WORK ORDER: Transcribe every record verbatim; no pictures.

Stored data entries
BEGIN

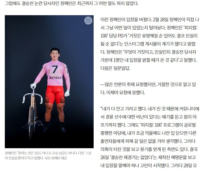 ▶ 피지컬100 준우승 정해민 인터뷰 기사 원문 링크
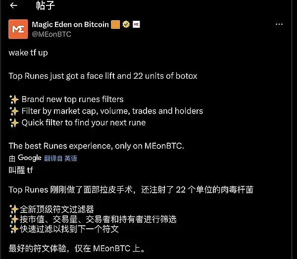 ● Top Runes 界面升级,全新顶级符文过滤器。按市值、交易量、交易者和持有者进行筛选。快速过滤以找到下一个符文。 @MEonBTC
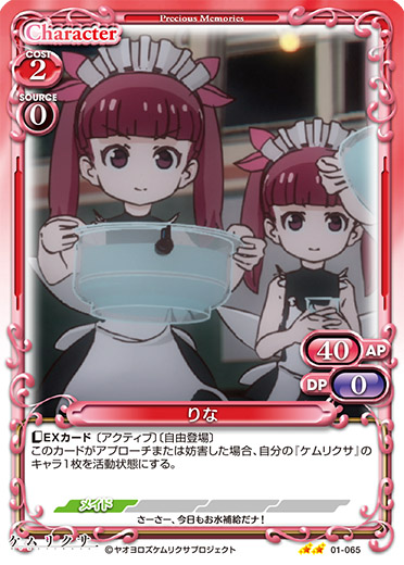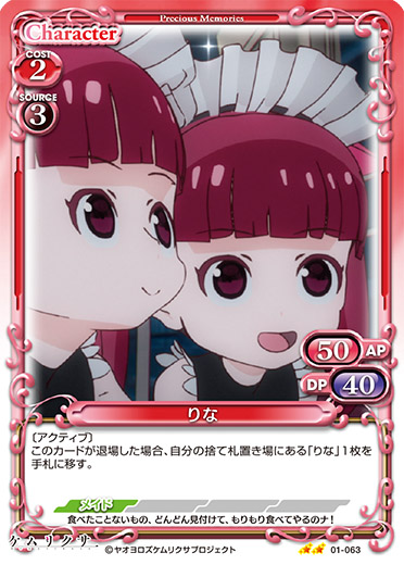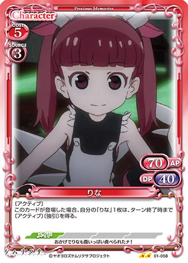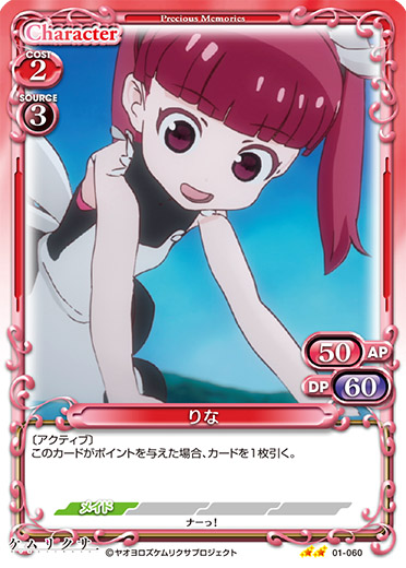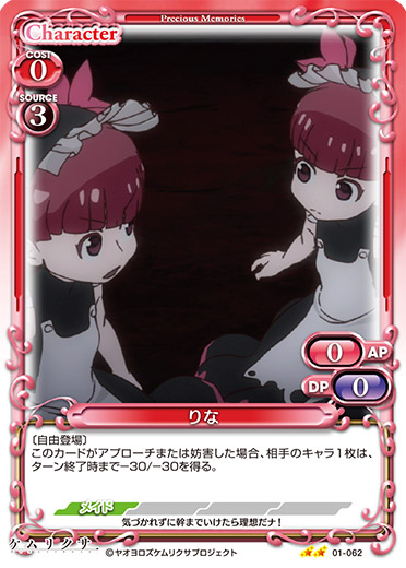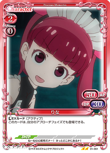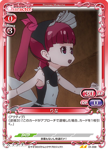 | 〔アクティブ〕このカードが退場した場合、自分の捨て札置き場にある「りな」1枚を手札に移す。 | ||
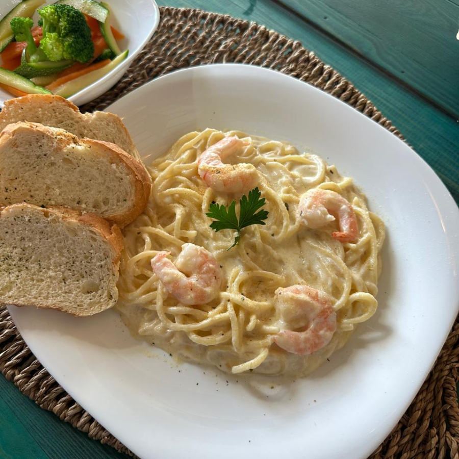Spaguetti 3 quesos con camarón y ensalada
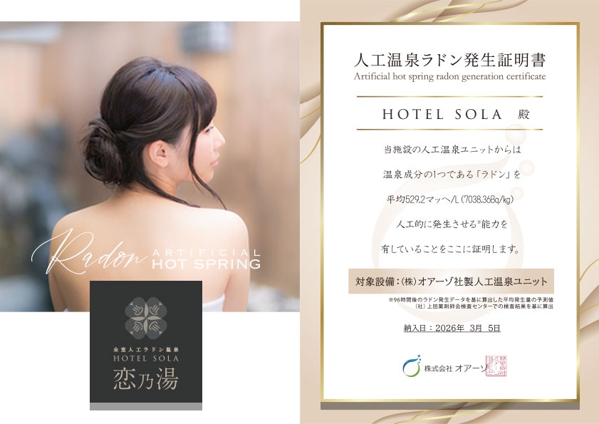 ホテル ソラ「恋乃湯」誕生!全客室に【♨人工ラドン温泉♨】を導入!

END

WRITTEN ANSWER:
 ▶ 피지컬100 준우승 정해민 인터뷰 기사 원문 링크
 ● Top Runes 界面升级,全新顶级符文过滤器。按市值、交易量、交易者和持有者进行筛选。快速过滤以找到下一个符文。 @MEonBTC
 | 〔アクティブ〕このカードが退場した場合、自分の捨て札置き場にある「りな」1枚を手札に移す。 | ||
Spaguetti 3 quesos con camarón y ensalada
 ホテル ソラ「恋乃湯」誕生!全客室に【♨人工ラドン温泉♨】を導入!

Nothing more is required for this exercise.